The wet conditions experienced last fall and earlier this spring in many regions of Ontario were ideal for infection and development of Phytophthora crown rot and red stele in strawberry crops. Symptoms of these diseases are showing up in many strawberry fields this time of year.

Phytophthora crown rot is caused by the water molds Phytophthora cactorum. Strawberry plants infected with Phytophthora crown rot frequently occur in patches of wilted and stunted plants. Leaves of infected plants may appear bluish green initially; however as the disease progresses, leaves on infected plants may develop brown necrotic tissue along the leaf margins and between the veins. The plants wilt very quickly during fruit development or during warm or hot weather conditions when plants are demanding water regardless if the soil contains adequate moisture. Symptoms are often first noticed in low areas of a field or rows where water had accumulated for an extended period after a heavy rain.

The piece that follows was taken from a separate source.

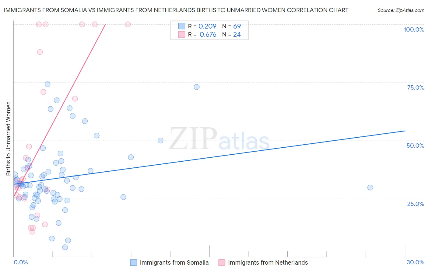 Immigrants from Somalia vs Immigrants from Netherlands Births to Unmarried Women Correlation Chart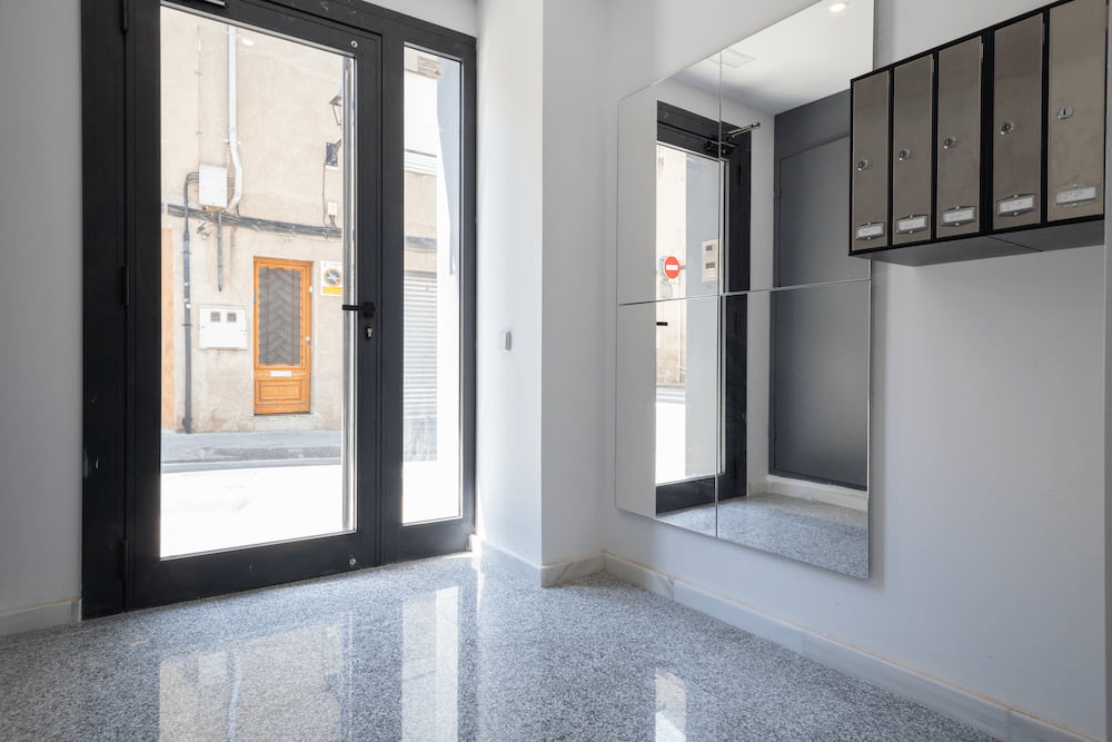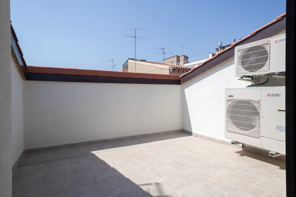 Cubiertas planas transitables en zonas comunitarias acabadas con gres y clasificación al grado de esbaladicidad 3. En terrazas y zonas privadas estarán acabadas en gres porcelanico, tomado con mortero adhesivo para exteriores y grado 3 antideslizante.

Eventually the disease moves along the rows from the patch of initially infected plants. Cutting open the crowns longitudinally with a knife reveals a red or reddish dark brown spongy rot inside infected crowns (Figure 1). The reddish brown discoloration may appear at the base, middle or top of the crown. Often roots attached to the infected crown appear black at the point of attachment. The root systems are also frequently discolored and may have fewer secondary roots.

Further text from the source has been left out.